Collection entries:
--
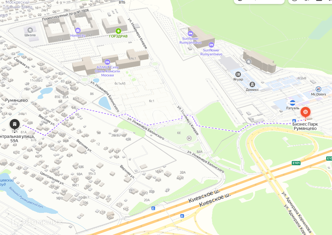 Заезд с Киевского ш (4км от МКАД). От м Cаларьево, Солнцево - 15 минут (5,4км) на личном транспорте. В шаговой доступности находятся: торговый центр Family Room, Румянцевский пруд, школа и детский сад. Так же рядом находится Тропарёвский лесопарк.
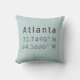 Les coordonnées de longitude et de latitude d'Atlanta dans des polices en détresse donnent à ce jeté un look urbain moderne
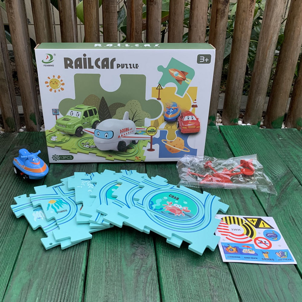 🧩 Rompecabezas DIY con Pista de Coche y Tren Deslizante Eléctrico
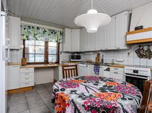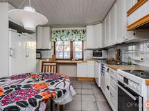 Viileäkaappi, pakastekaappi, keraaminen liesi, liesituuletin, leivinuuni alakerrassa, astianpesukone, kaapistot, kiinteät valaisimet.
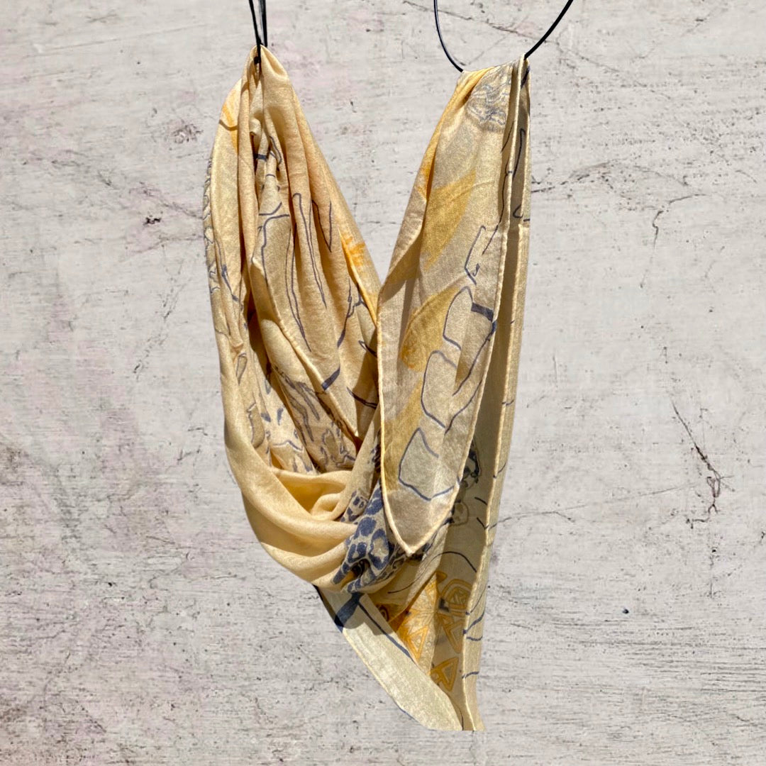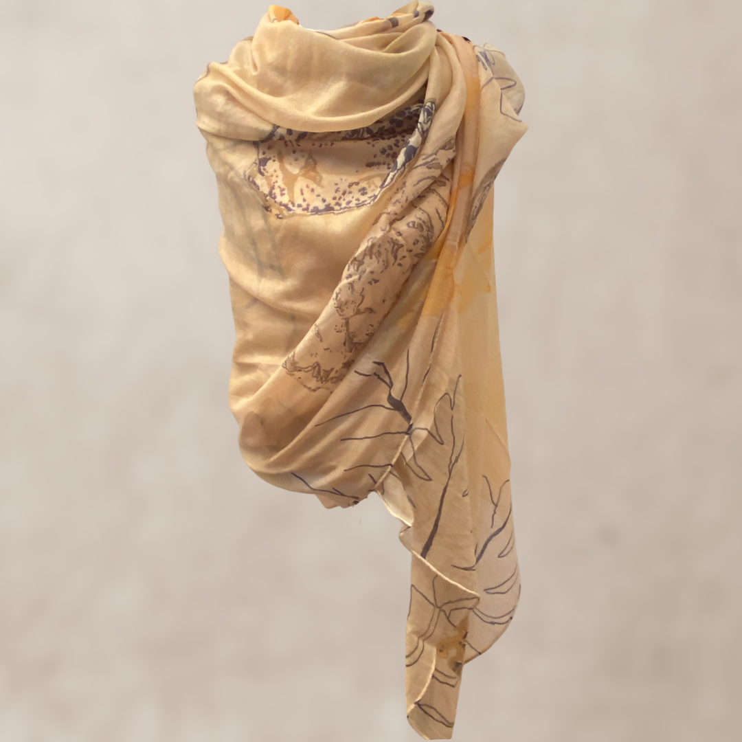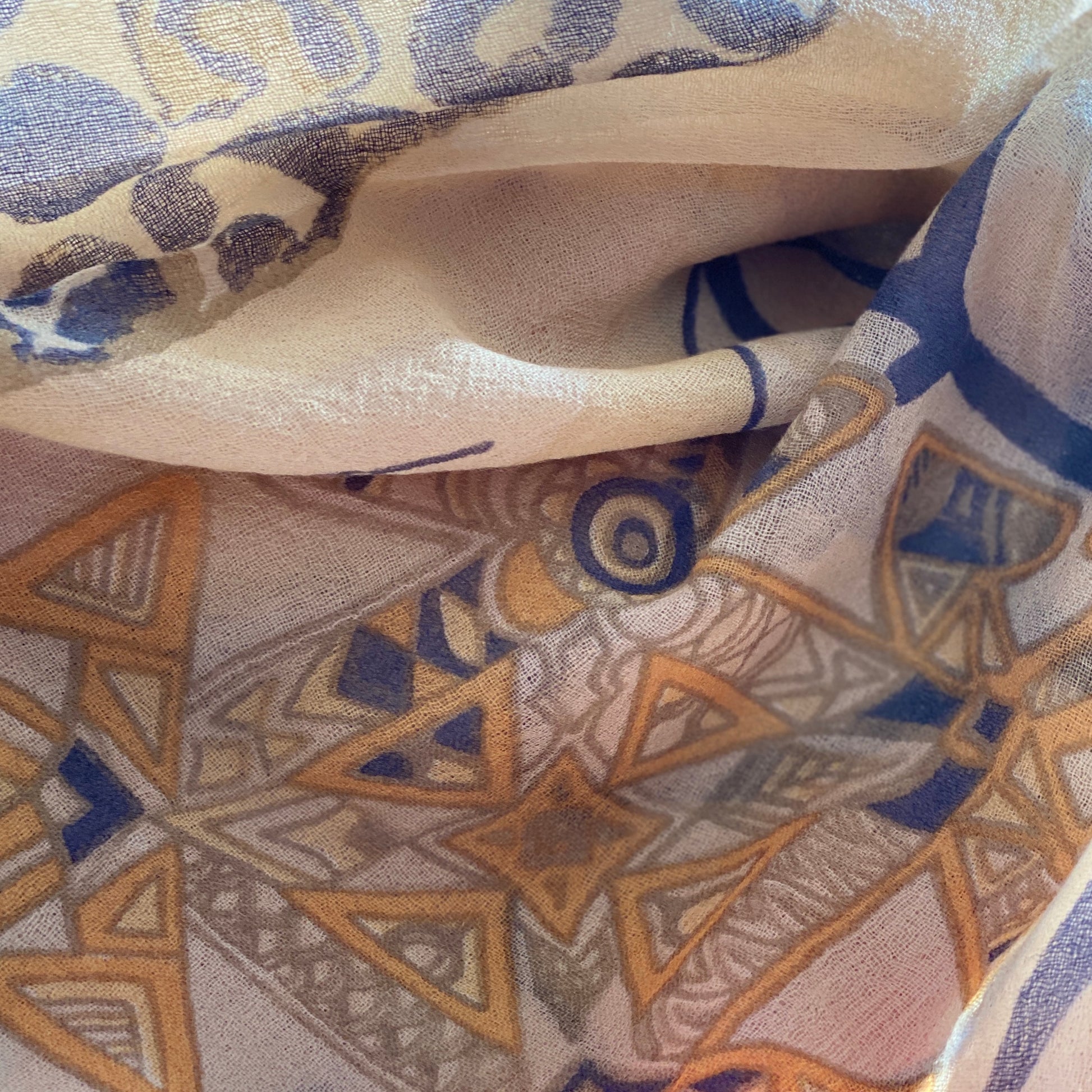 Die Künstlerin STELLA ESVARA zeichnet jedes Tuch mit Tusche (nicht am PC) und bezieht sich in den Designs auf Ihre Erinnerungen vieler Reisen, unterschiedlicher Symbolsprache und vereint diverse Kulturelle Aspekte in ein Gesamtbild.
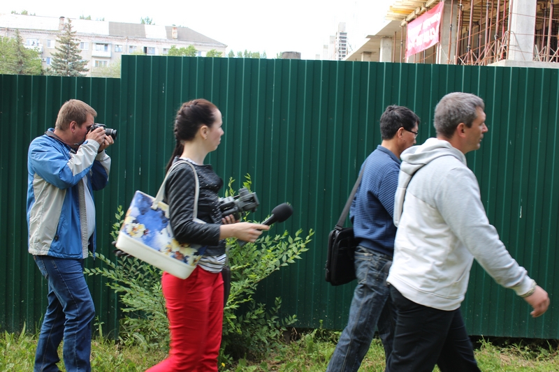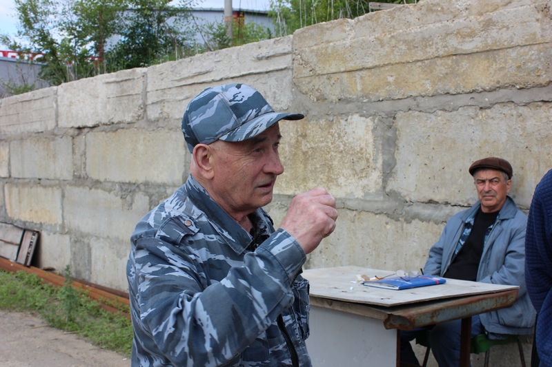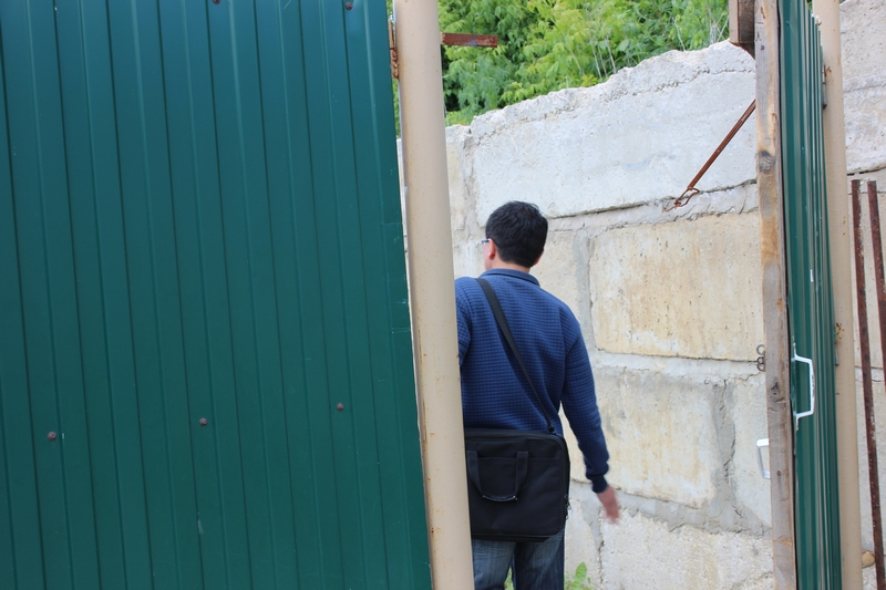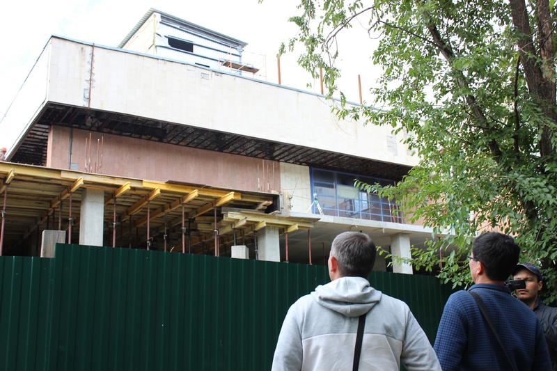 Ташпеков прошел на территорию стройки и попросил у охранника позвать руководство. Оказалось, что начальства на месте нет. Потом, когда Ташпеков общался с журналистами вне стройплощадки, к нему подошел некий молодой человек, который попросил не фотографировать его. Он назвался Александром – представителем собственника.
--
* [Exercise requirements] Transcribe, from the records above, the first line and every line after it up to and including the line with "Die Künstlerin STELLA"; omit pictures.

* [Your response]
 Заезд с Киевского ш (4км от МКАД). От м Cаларьево, Солнцево - 15 минут (5,4км) на личном транспорте. В шаговой доступности находятся: торговый центр Family Room, Румянцевский пруд, школа и детский сад. Так же рядом находится Тропарёвский лесопарк.
 Les coordonnées de longitude et de latitude d'Atlanta dans des polices en détresse donnent à ce jeté un look urbain moderne
 🧩 Rompecabezas DIY con Pista de Coche y Tren Deslizante Eléctrico
 Viileäkaappi, pakastekaappi, keraaminen liesi, liesituuletin, leivinuuni alakerrassa, astianpesukone, kaapistot, kiinteät valaisimet.
 Die Künstlerin STELLA ESVARA zeichnet jedes Tuch mit Tusche (nicht am PC) und bezieht sich in den Designs auf Ihre Erinnerungen vieler Reisen, unterschiedlicher Symbolsprache und vereint diverse Kulturelle Aspekte in ein Gesamtbild.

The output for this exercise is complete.